Personal information
- Full name: Albert Gelis Juanola
- Nationality: Spanish
- Born: 26 October 1981 (age 44) Sant Joan les Fonts, Girona

Sport
- Country: Spain
- Sport: Swimming (S12)

Medal record
Men's para swimming
Representing Spain
Paralympic Games
| Bronze medal – third place | 2004 Athens | Men's 4 x 100 meter 49 Points Medley Relay |
World Championships
| Gold medal – first place | 2025 Singapore | 100 m backstroke S11 |
| Silver medal – second place | 2025 Singapore | Mixed 4×100 m medley relay 49pts |
European Championships
| Gold medal – first place | 2026 Kocaeli | 100 m backstroke S11 |
| Bronze medal – third place | 2009 Reykjavik | 100 m butterfly S12 |
| Bronze medal – third place | 2009 Reykjavik | 100 m backstroke S12 |

= Albert Gelis =

Spanish Paralympic swimmer

Albert Gelis Juanola (born 26 October 1981) is a vision-impaired S12 swimmer from Spain.

== Personal ==
Gelis was born on 26 October 1981 in Sant Joan les Fonts, Girona. He is from the Catalan region of Spain.

== Swimming ==
Gelis is a vision impaired S12 swimmer. He competed at the 2004 Summer Paralympics, 2008 Summer Paralympics and 2012 Summer Paralympics. He earned a silver medal at the 2004 Games in the 4 x 100 meter 49 Points Medley Relay. In 2007, he competed at the IDM German Open.
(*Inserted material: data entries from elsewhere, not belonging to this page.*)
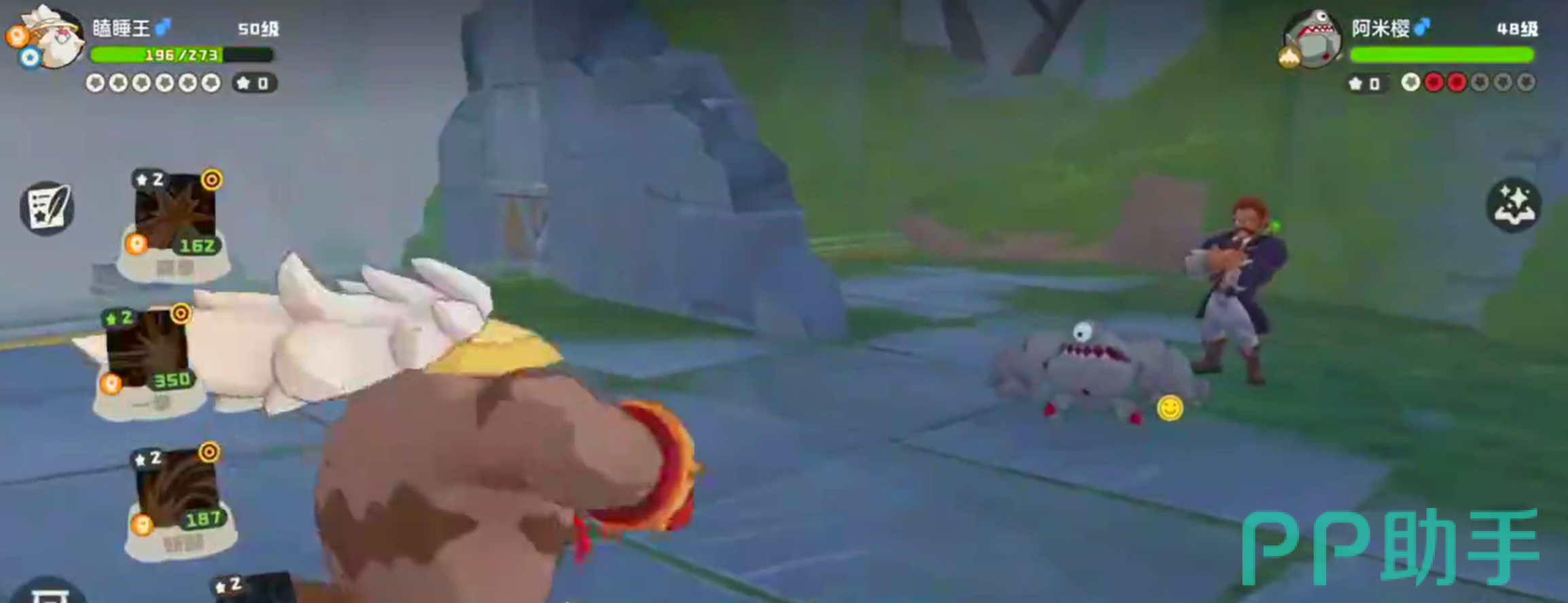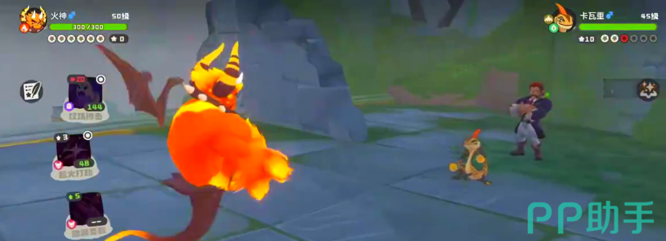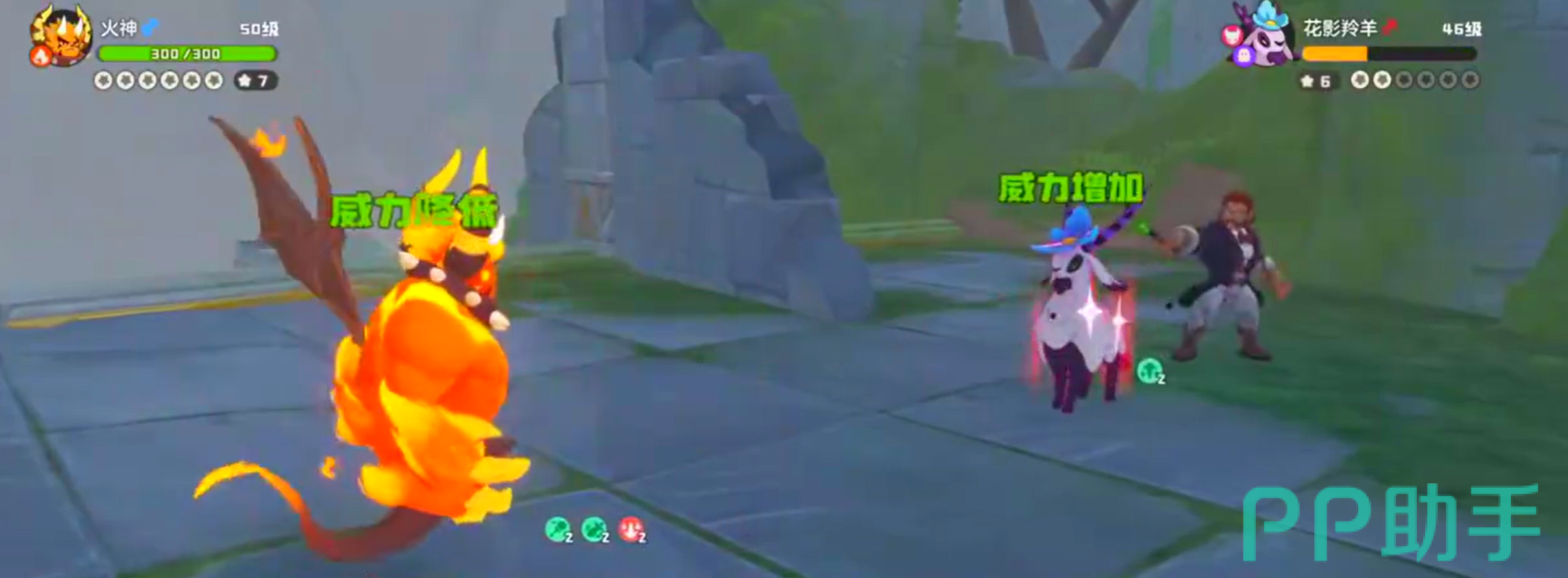 击败两个精灵后进入到二阶段,打法和上述区别不大,但是精灵的属性则拥有双重特性。开局的花影羚羊双系能力加身后,这里需要注意花影羚羊在受伤后会触发限定技能隐藏条款,可以让双方的技能组调换。但它本体的血量实际提升不大,因此仍然可以使用火神迅速击败。而卡瓦重虽然拥有地系可以克制火神,但自身又拥有草系被火神克制,所以相互抵消还是能用火神来爆伤击败。之后尼尔森会额外召唤一名地属性的阿米樱。此时让火神下场,可以使用武系的瞌睡王来反向克制,阿米樱会使用地震但由于受到克制的关系,因此伤害会大大降低。之后二连击就能击败阿米樱赢得胜利。
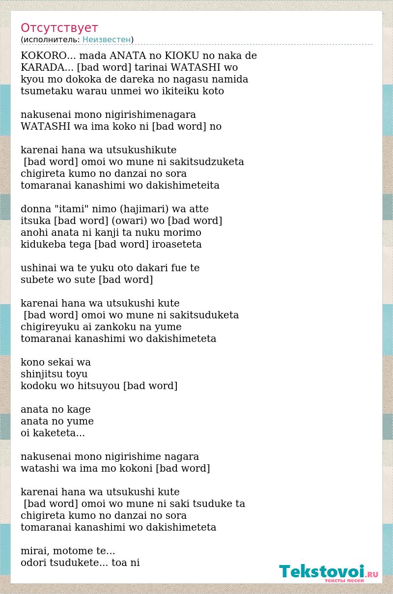 KOKORO... mada ANATA no KIOKU no naka de KARADA... [bad word] tarinai WATASHI wo kyou mo dokoka de dareka no nagasu namida tsumetaku warau unmei wo ikiteiku koto nakusenai mono nigirishimenagara WATASHI wa ima koko ni [bad word] no karenai hana wa utsukushikute [bad word] omoi wo mune ni sakitsudzuketa chigireta kumo no danzai no sora tomaranai kanashimi wo dakishimeteita donna "itami" nimo (hajimari) wa atte itsuka [bad word] (owari) wo [bad word] anohi anata ni kanji ta nuku morimo kidukeba tega [bad word] iroaseteta ushinai wa te yuku oto dakari fue te subete wo sute [bad word] karenai hana wa utsukushi kute [bad word] omoi wo mune ni sakitsuduketa chigireyuku ai zankoku na yume tomaranai kanashimi wo dakishimeteta kono sekai wa shinjitsu toyu kodoku wo hitsuyou [bad word] anata no kage anata no yume oi kaketeta... nakusenai mono nigirishime nagara watashi wa ima mo kokoni [bad word] karenai hana wa utsukushi kute [bad word] omoi wo mune ni saki tsuduke ta chigireta kumo no danzai no sora tomaranai kanashimi wo dakishimeteta mirai, motome te... odori tsudukete... toa ni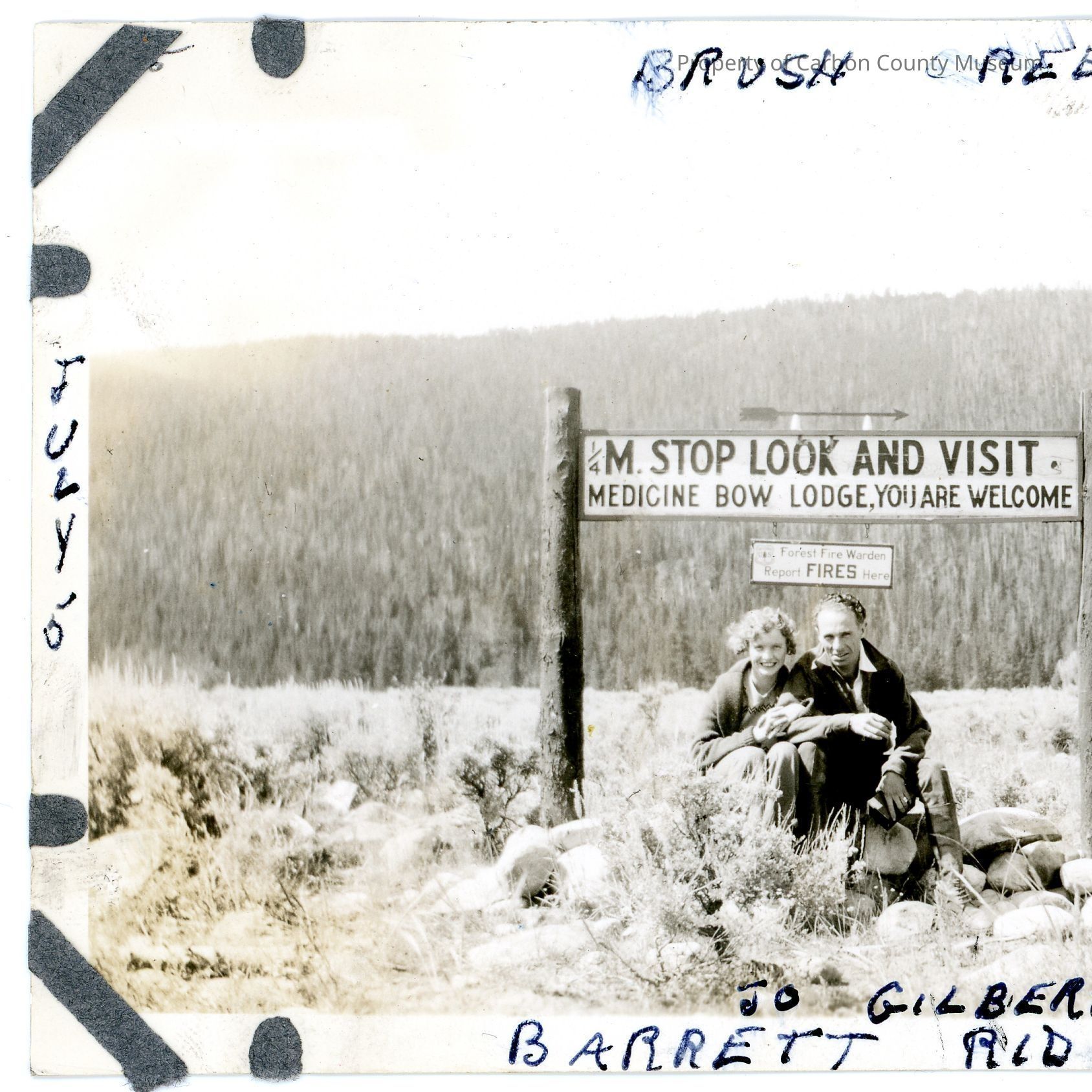 Black and white photograph. A woman (JO) and a man (GILBERT) are sitting underneath a sign that reads "1/4 M. STOP LOOK AND VISIT. MEDICINE BOW LODGE, YOU ARE WELCOME". A smaller sign hung underneath the first reads "FOREST FIRE WARDEN REPORT FIRES HERE". A mountain covered in trees is visible in the background. Along the top of the photograph is written "BRUSH CREEK", along the bottom "BARRET RIDGE", vertically along the left "JULY 5", vertically along the right "1934". The number 164 is printed on the reverse.Collection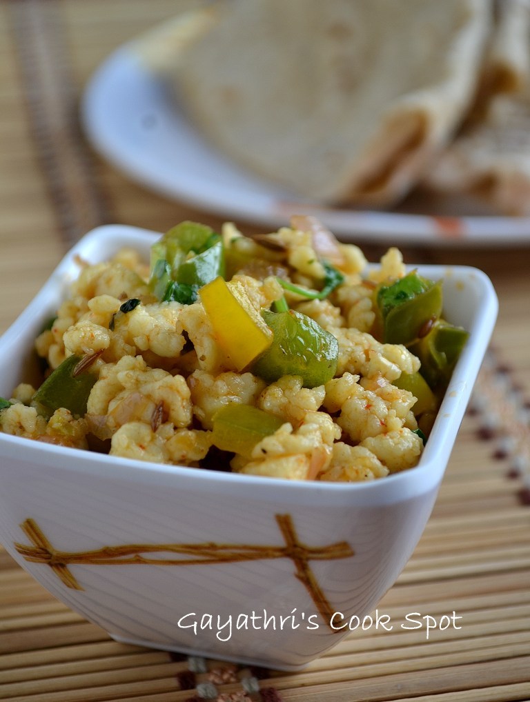 2. When theu crackle add the capsicum pieces and saute for a minute.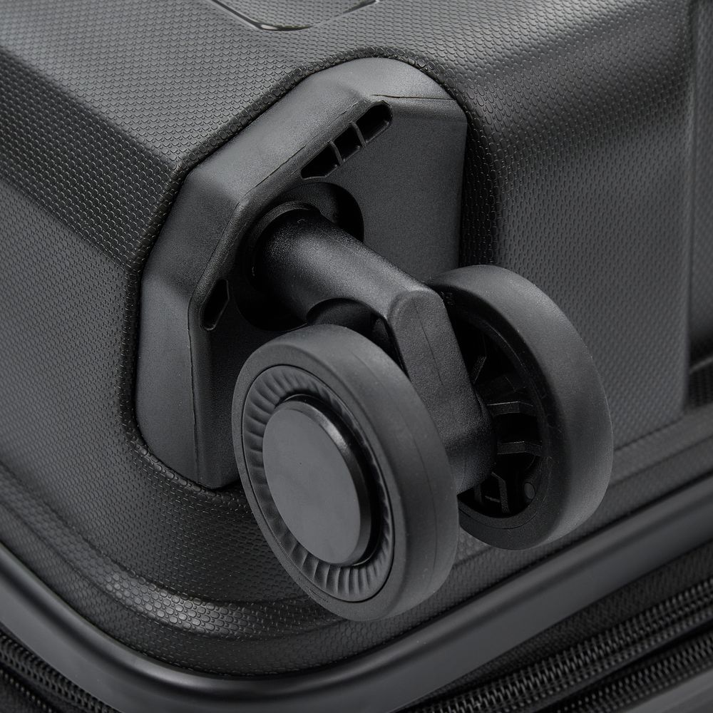 • Блок крепления колеса встроен в корпус чемодана, что обеспечивает лучшую устойчивость к внешнему воздействию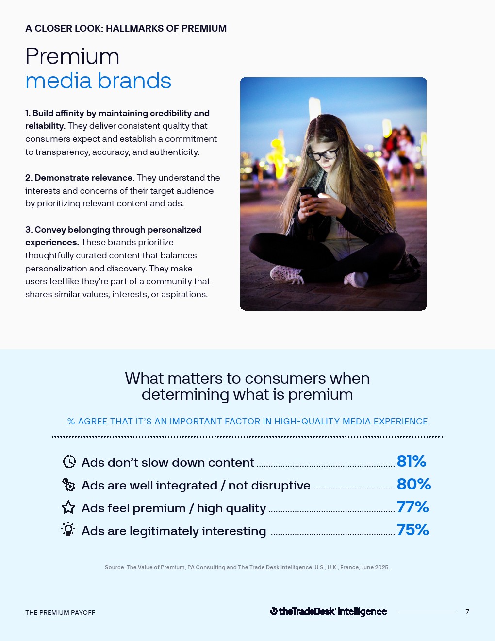 研究还发现,广告体验本身已成为判断媒体质量的重要变量。57%的受访者认为广告相关因素是决定媒体是否优质的核心驱动,这意味着广告形式、加载速度、内容相关性与视觉质量都会直接影响媒体价值。相比之下,信息流拥挤、广告干扰严重的社交媒体平台更容易削弱“优质感”。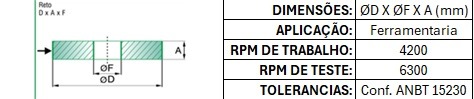 Tipo de rebolo, Dimensões, Aplicação, RPM de trabalho, RPM de teste e Tolerâncias Dimensionais (segundo desenho e/ou NORMA ABNT 15230).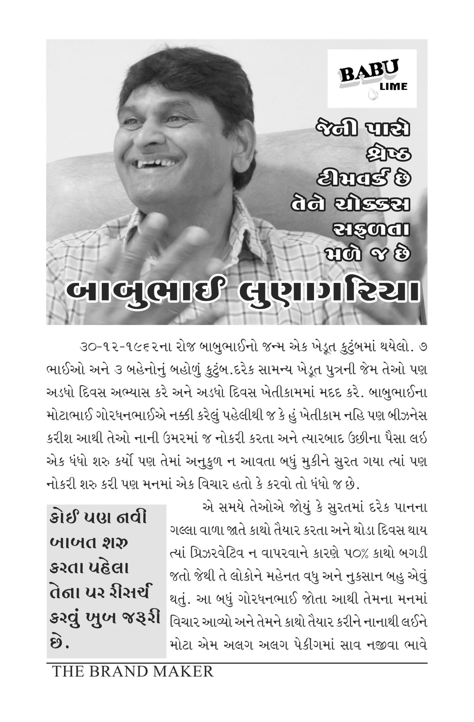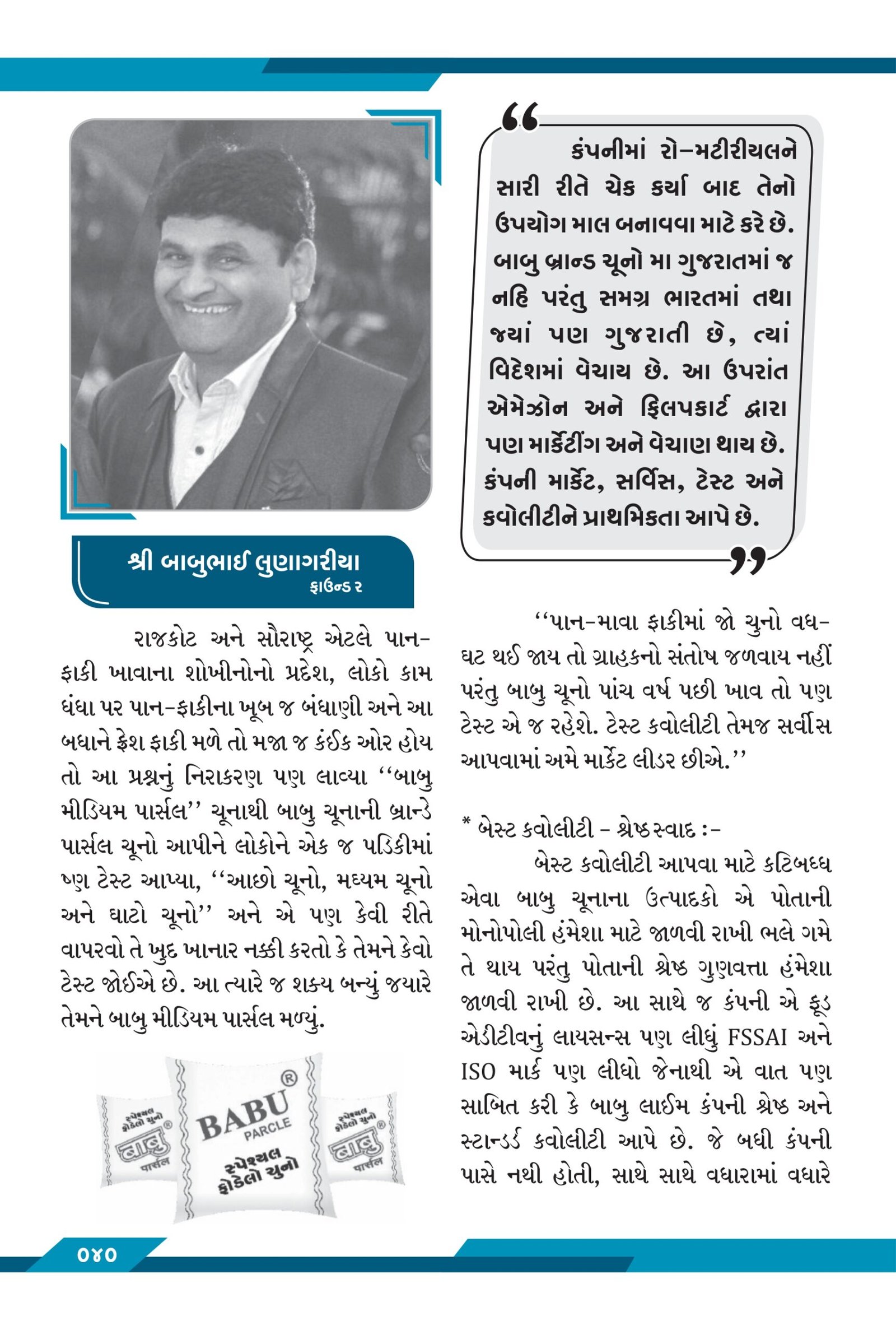 Babulime is known for it’s quality products with consistent customer satisfaction. BABU LIME PRIVATE LIMITED.  brings more than 30 years of experience in the FMCG industry. Our R&D, Quality control, storage, cleaning and processing capabilities are focused towards delivering products that maximize your profitability, and ensure reliability.

From the Catalan region of Spain, he was a recipient of a 2012 Plan ADO scholarship. Prior to heading to London for the 2012 Games, he participated in a national vision impaired swim team training camp at the High Performance Centre of Sant Cugat from 6 to 23 August. Daily at the camp, there were two in water training sessions and one out of water training session.